Margaret wanted to use the Maserati but I told her that she would certainly be recognized if we did, and so we took the streetcar out to CinecittÃ. We got off one stop before the movie studio.

“But it’s five streets further,” Margaret said. “Never mind,” I said. “We have to get off here.” We got down and I went into the men’s room in a gas station. I took off my shirt. “Here,” I said to Margaret, who was standing just outside the door, and I handed it to her. Then I took my jar of Vicks VapoRub and began to pat the stuff over my arms and chest and back and neck and face. I am not the kind of person who tans, but I am darkish, and the Vicks, thick as butter on my body, gave my skin the fine, high gloss I wanted. I felt like sixteen cartons of burning Kool cigarettes and smelled like something in a sickroom, but the visual effect was startling. The Vicks added a sweaty, faintly greasy definition to each muscle, so that I looked, even at rest, like someone hard at some powerful labor.
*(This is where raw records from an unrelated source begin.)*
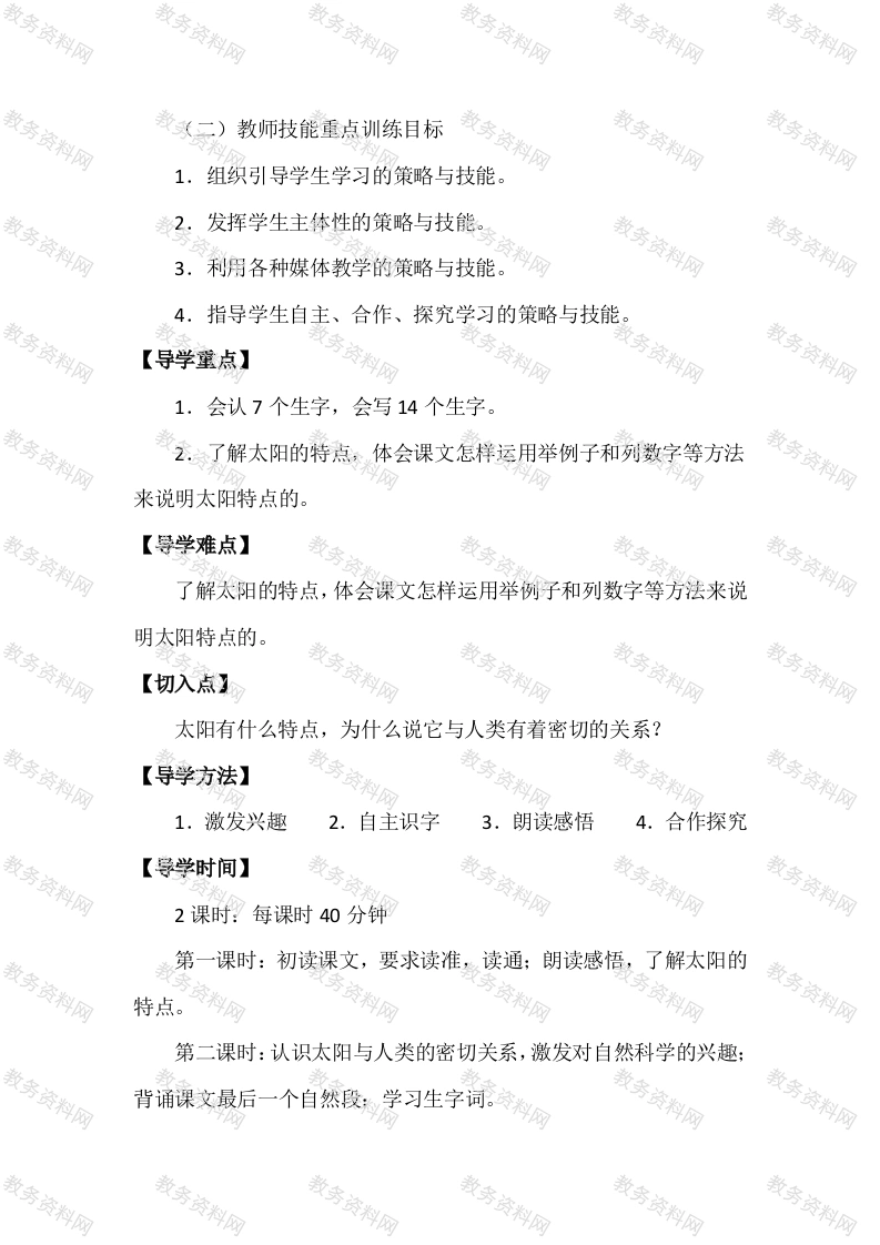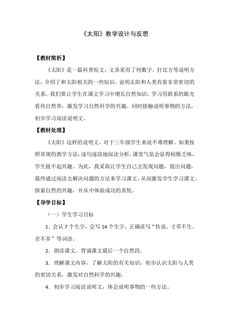 《太阳》教学设计与反思【教材简析】《太阳》是一篇科普短文,文章采用了列数字、打比方等说明方法,介绍了和太阳相关的一些知识,说明太阳和人类有着非常密切的关系。我们要让学生在课文学习中增长自然知识,学习用联系的眼光看待自然界,激发学习自然科学的兴趣。同时接触说明事物的方法,初步学习阅读说明文。【教材处理】《太阳》这样的说明文,对于三年级学生来说不难理解。如果按照常规的教学方法,逐句逐段地阅读分析,课堂气氛会显得枯燥乏味,学生提不起兴趣。为此,我采取让学生自己去发现问题,提出问题,最终通过阅读去解决问题的方法来学习课文,从而激发学生学习课文、探索自然的兴趣,并从中体验成功的喜悦。【导学目标】(一)学生学习目标1.会认7个生字,会写14个生字。正确读写“传说、寸草不生、差不多”等词语。2.朗读课文。背诵课文最后一个自然段。3,理解课文内容,了解太阳的有关知识,初步认识太阳与人类的密切关系,激发对自然科学的兴趣。4.初步学习阅读说明文,体会说明事物的一些方法。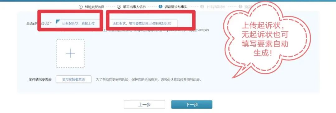 7.上传起诉状。如已有起诉状,请选择直接上传;无起诉状,请填写要素信息自动生成起诉状。生成起诉状后请直接下载,将打印好的起诉状,上传至系统!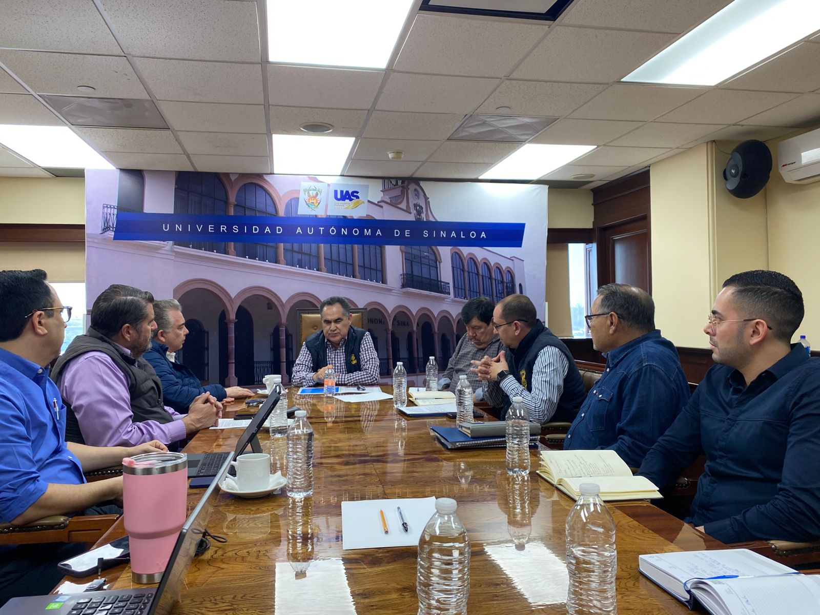 Mientras que los universitarios presentes fueron el Rector, el doctor Jesús Madueña Molina; el Secretario Académico, el doctor Jorge Milán Carrillo; el Director General de Investigación y Posgrado, el doctor Mario Nieves Soto; el Director General de Vinculación y Relaciones Internacionales, el doctor Jesús Enrique Sánchez Zazueta; el Vicerrector de la Zona Norte, el doctor Lauro César Parra Aceviz; el Coordinador de la Oficina de Transferencia de Tecnología, el maestro Jorge Balcázar Padilla y la representante de la DGIP Zona Norte, la doctora Lizbeth Orduño.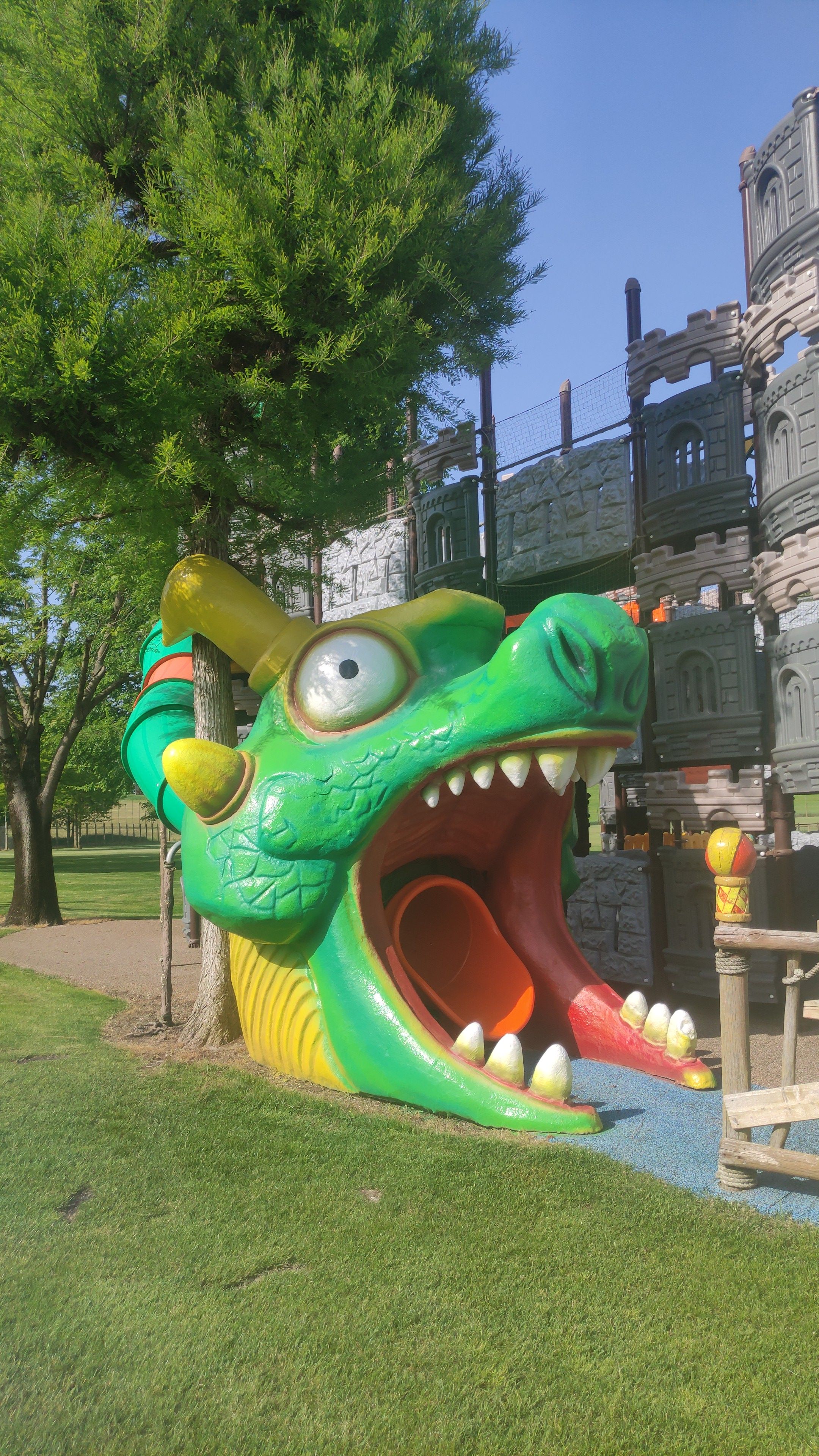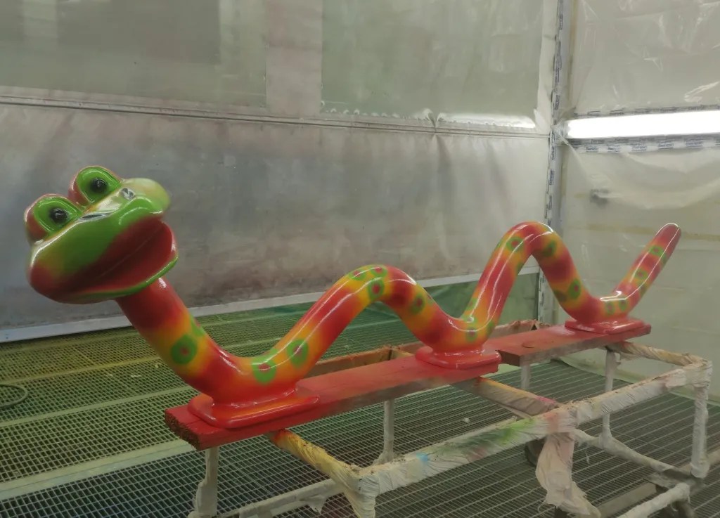 La Terra dei Draghi – Elementi vetroresina e metallo dipinti a pennello e spruzzo, finali di scivolo e decorazioni triblali Per CreativeApp Design.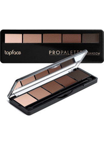 Pro Palette Topface - чудовий помічник у створенні ідеального макіяжу очей. У палітрі 5 відтінків, які добре поєднуються між собою. Ідеально підібрана палітра тіней для повік Topface Pro Palette Eyeshadow стане незамінним помічником у створенні щоденних образів. Оптимально підібрані пісочно-коричневі відтінки кольорової палітри чудово підійдуть для створення денного і вечірнього макіяжу. Для ніжного образу використовуйте світло-пісочні кольори, м'яко позначаючи нижню і верхню складки повік. Більш драматичний образ можна створити за допомогою інтенсивних коричневих відтінків, використовуючи їх на власний розсуд. Наприклад, можна виділити куточок верхньої і нижньої повіки або зробити смокі айс. Тіні чудово наносяться, добре тушуються і не обсипаються протягом цілого дня. Палітра рекомендується як для блондинок зі світлою шкірою, так і для смаглявих власниць темного волосся. Спосіб застосування: нанесіть найсвітліший відтінок на всю повіку і розтушуйте. Найбільш темним кольором підведіть очі вздовж нижніх вій і розтушуйте. Темним відтінком проведіть лінію вздовж верхніх вій і в куточках очей. Злегка розтушуйте. Нанесіть темніший колір на рухому повіку, ретельно розтушуйте перехід кольору.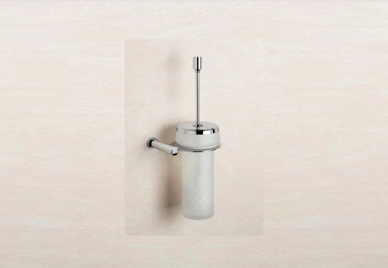 Wall mountable frosted crystal toilet brush holder with a solid brass handle, lid and bracket, available finished in chrome, 24k gold plate (89430-MO), satin nickel (89430-MSNI) or a combination of chrome and 24 karat gold plate (89430-MCRO).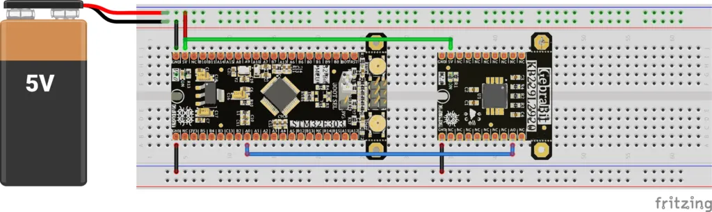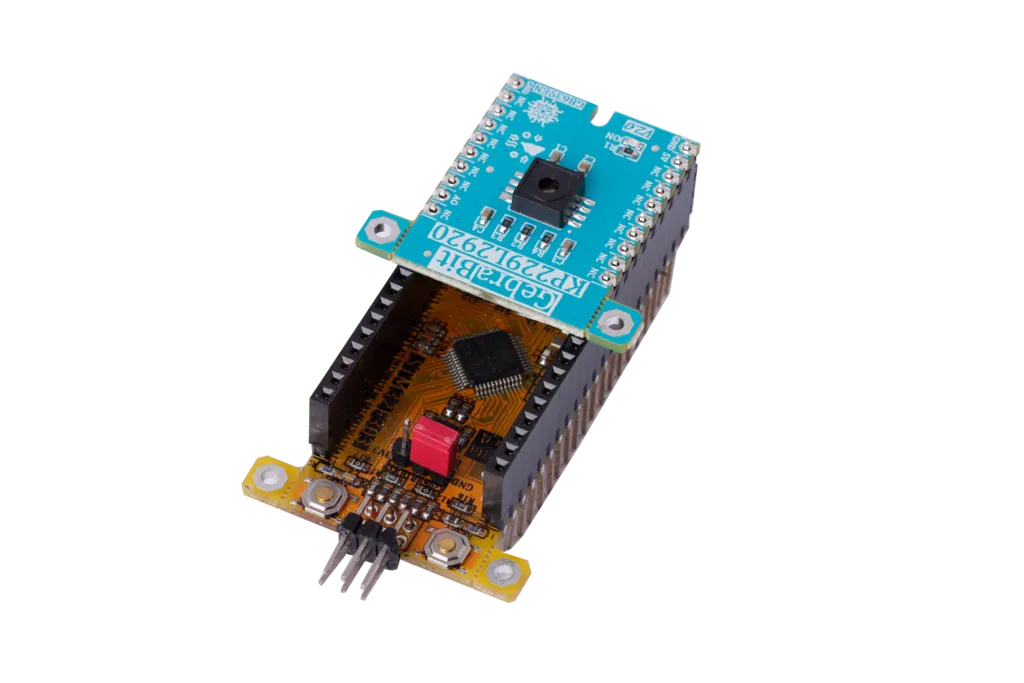 - ما بهویژه استفاده از Gebra STM32F303 را توصیه میکنیم؛ چرا که این برد دارای رگولاتور داخلی ۳.۳ ولت است و ترتیب پایههای آن با تمامی ماژولهای Gebra هماهنگ است (استاندارد GEBRABUS)، بنابراین میتوانید برد ماژول فشار GebraBit KP229L2920 را مستقیماً به سوکت مربوطه متصل کرده و بدون نیاز به سیمکشی، برنامهنویسی را آغاز کنید.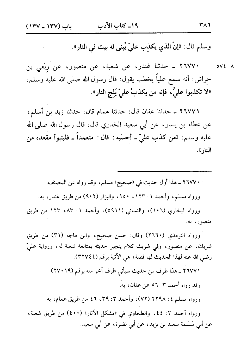 26770- حَدَّثَنَا غُنْدَرٌ ، عَنْ شُعْبَةَ ، عَنْ مَنْصُورٍ ، عَنْ رِبْعِيِّ بْنِ حِرَاشٍ ، أَنَّهُ سَمِعَ عَلِيًّا يَخْطُبُ يَقُولُ : قَالَ رَسُولُ اللهِ صَلَّى الله عَلَيْهِ وَسَلَّمَ : لاَ تَكْذِبُوا عَلَيَّ ، فَإِنَّهُ مَنْ يَكْذِبْ عَلَيَّ يَلِجَ النَّارَ. (8/573).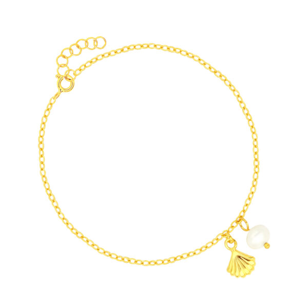 Bransoletka z zawieszkami perełka oraz muszelka srebrna pozłacana wykonana z najwyższej próby srebra 925 – bez dodatku niklu, nie uczula. Biżuteria pokryta 3 warstwami 24 karatowego złota. Bransoletka o regulowanej długości: 17-20cm. Precioza ozdobiona naturalną perłą hodowlaną słodkowodną o średnicy 6mm oraz zawieszką muszelką. Biżuteria najwyższej jakości, wykonana z precyzją i dbałością o każdy detal przez mistrzów sztuki jubilerskiej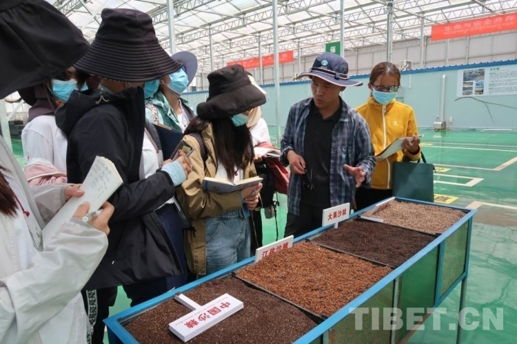 圖為綠亞生態的工作人員給同學們講解沙棘種子的選育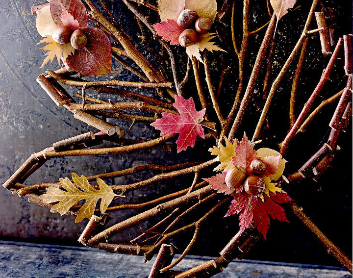 شاخههای اضافی درختان یا آنهایی را که در حیاط روی زمین افتادهاند، بردارید و یک کاردستی زیبای پاییزی درست کنید، مثل آنچه در تصویر میبینید. شاخهها را به هم بچسبانید و شکل یک برگ پاییزی را با آنها درست کنید.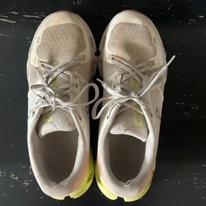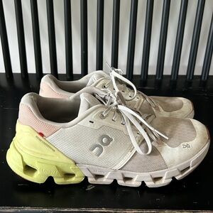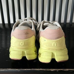 Stylish On Running shoes for women. Features a white upper with pink and green accents. Perfect for athletic activities.
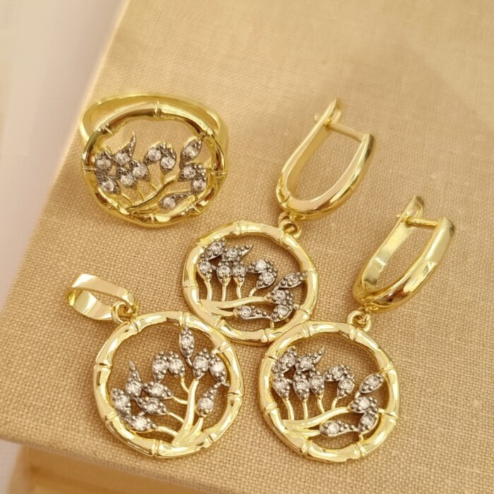 Комплект ювелирной бижутерии Итальянское золото (покрытие желтое 14к), серьги и кольцо 18 р, вставка: фианиты, Уценка, арт.08.2212 (213.156-18 )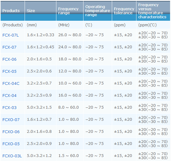 | 頻率偏差 | ±20ppm,±30ppm,±50ppm |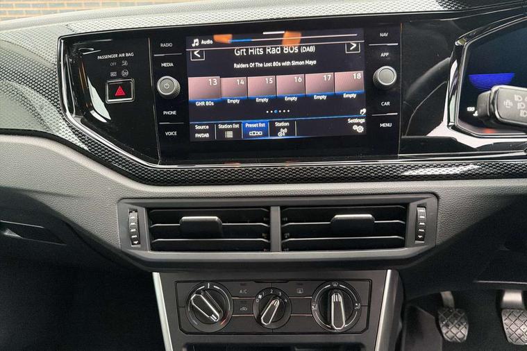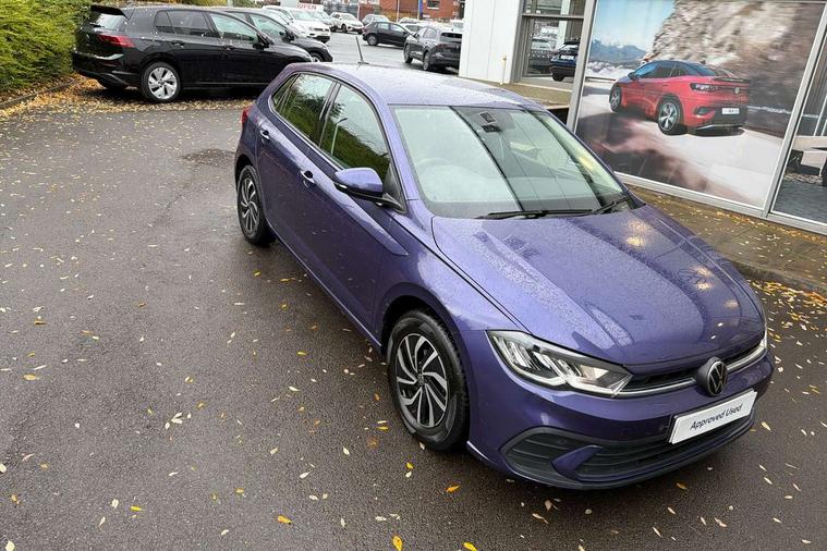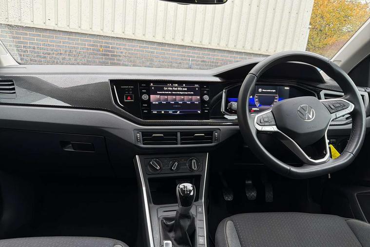 Adaptive cruise control without follow-to-stop and speed limiter, Bluetooth mobile phone interface, Driver alert system, Emergency call service, Front assist system, Power assisted speed sensitive steering, Preparation for We connect and We connect plus, Speedo and rev counter, electronic odometer, trip, service interval display and fuel gauge, Standard rear axle, Travel Assist - Lane keeping system and traffic jam assist, Travel assist including emergency assist, Trip computer, Warning signal and warning light for front and rear seatbelts not fastened, Washer fluid level indicator, Wireless app connect, Front wheel drive, Rear shock absorpion, Start-stop system with battery regeneration (recuperation - energy recovery during braking), DAB Digital radio, Diversity antenna for FM reception, Front and rear 6 speakers, Automatic dimming interior rear view mirror, Body colour bumpers, Body colour door handles, Body colour door mirrors, Electric front windows, Heat insulating darkened glass in side and rear windows, Heat insulating glass windscreen, Power folding adjustable/heated exterior mirrors and front passenger exterior mirror lowering function, Rain sensor, Rear electric windows, Rear fog light, Rear side wing doors, Rear windscreen washer and wiper with interval delay, Third brake light, 12V power socket in centre console, 2 front and 2 rear reading lights, 2 USB-C ports in the front, 2 USB-C charging sockets on the center console in the rear, 3 rear head restraints, 60/40 split folding rear seat and rear seat bench not split, Ceramique headliner, Chrome plated radiator grille inserts, air vent surrounds and light switch surrounds, Door and side trim panel, Driver and front passenger seat height adjustment, Driver/passenger sunvisors with illuminated vanity mirrors, Front centre armrest, Front seat backrest storage pockets, Front standard seats, Handbrake lever handle in leather, Hartley/Thomas cloth upholstery, Isofix child seat preparation easy-fit (for two outer rear seats, and front passenger seat) compatible with I-size, Leather trimmed gear knob, Luggage compartment cover, Luggage compartment floor, Luggage compartment lighting, Multifunction steering wheel, Single front passenger seat, Standard pedal cluster, Light and vision pack - Polo, 3 point height adj front seatbelts + pretensioners, 3x3 point rear seatbelts, ABS, Driver and front passenger airbag with front passenger airbag deactivation, Drivers and front passengers safety optimised head restraints, ESC (Electronic stability control) + EDL (Electronic Differntial lock) and ASR (Traction control), Extended and predictive pedestrian/ cyclist protection, Front curtain and side airbags with center airbag, Front disc brakes, Hill hold control, Manual child lock in rear doors, Rear drum brakes, Single tone horn, Tyre pressure loss indicator, Alarm with interior protection, Anti-theft alarm system with interior monitoring, backup horn, and towing protection, Anti-theft wheel bolts, Electronic engine immobiliser, Lava stone black gloss/matt decorative inserts in dash and front door panels, Low rolling resistance tyres,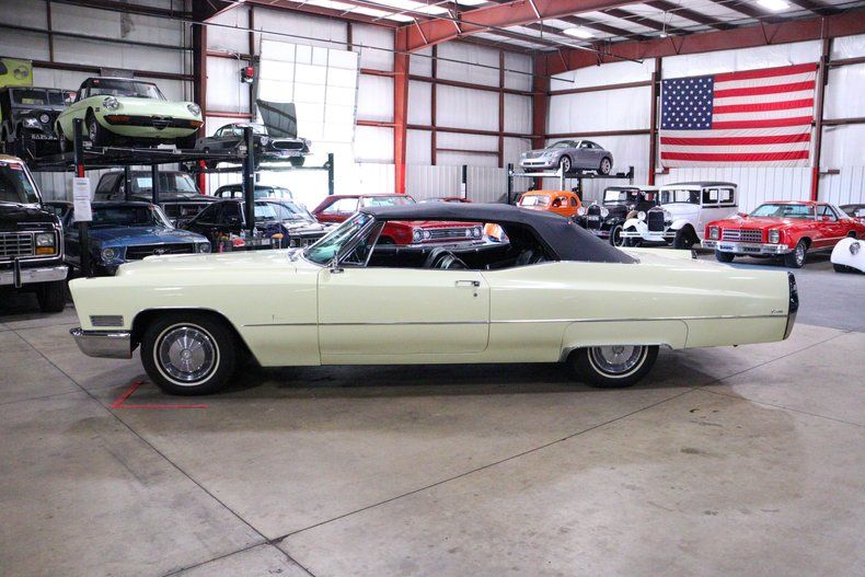 GR Auto Gallery is pleased to present this stunning 1967 Cadillac de Ville Convertible for your consideration. This classic beauty embodies the elegance and grandeur that Cadillac is renowned for, featuring a commanding presence that turns heads wherever it goes. With its iconic Persian Ivory exterior paint, this de Ville is a true testament to American automotive excellence. Under the hood, you'll find a strong 7.0L V8 engine paired with an automatic transmission, providing a smooth and powerful driving experience. The engine was expertly rebuilt in 2014. Accompanying the vehicle are receipts from the engine rebuild that detail additional engine specifications. This Cadillac effortlessly glides down the road, delivering a driving experience that is both powerful and refined. Step inside, and you'll be greeted by a clean and well-preserved interior. The seats are in great condition, offering comfort and style. The black interior enhances the classic look, complemented by the fully functioning power windows and a working radio that adds additional comfort to your drives. The power-operated soft top, which appears to have been recently replaced, is black and features a full glass rear window for improved visibility and aesthetics. The 1967 Cadillac de Ville Convertible has a rich history, representing the pinnacle of luxury and style during its era. Introduced in the mid-1960s, the de Ville line was celebrated for its innovative design and superior craftsmanship. Over the years, the Cadillac de Ville became an icon of American luxury, with the 1967 model year being particularly notable for its refined aesthetics and advanced features. This clean example stands as a testament to the enduring appeal and timeless elegance of Cadillac's flagship model. Please call or email with any questions or for additional information.

It was wonderful, I thought. I had used to think that something always turned up. It was true, of course, but inadequate, and as an only partially optimistic vision of the world it was a little vague. It was no philosophy to live by unless one enjoyed long waiting. I know now that although something will always turn up, one needn’t wait. Any position, any action, however absurd, produces consequences. The wilder the action the more desirable the consequences. Everything works; anything works. Chewing gum will plug a dike. One must remember that, as all aggressors are fond of saying about their enemies, the world is decadent. It won’t fight. So right away I have the advantage of surprise, the high ground of the insane gesture. A steady hand and a poker face are all one needs. Only be bold — brazen it out and the day is yours. Therefore have chutzaph!

Listen, one man with a cap gun and the proper attitude can take the Bank of England. If there’s little comfort in this, all right. If you think, What can I do with the Bank of England, you’re right — but that’s another story. What can you do with victory itself? We winners know, yes? But rich or poor rich is better, and give or take take is nicer. Are you with me?

With the rest of the Vicks Margaret got the spots I had missed and we walked the five blocks up to the gate. She was a little nervous, I think, but outside the gates is familiar territory for me. It’s my home town, so to speak.

“Hi, Pop,” I said to the policeman behind the gate. “It’s a line I learned from the movies,” I told Margaret. I turned back to the policeman. “Parle Inglese?”

The policeman shook his head.

“Sono Boswell,” I said. “Capito?”

The man said something which of course I didn’t understand. Margaret opened her mouth to translate and I interrupted her. “Don’t speak,” I said, “don’t say a word.” I put my hand on the gate to push it open and the policeman moved stubbornly in front of it. He asked me something.

“Sono Boswell,” I said again. “Capito?”

He looked at me a little uncertainly, trying to decide whether he had ever seen me before. He examined my shiny, shirtless torso as if, after all, it was not such a very unusual sight. “Sono Boswell. Boswell,” I said. “Capito?” I said very softly.

He was going to say something, but before he could open his mouth I spoke again. “Sono Boswell. Capito? Capito?”

He shook his head, deciding he did not know me, but a little unsure of it.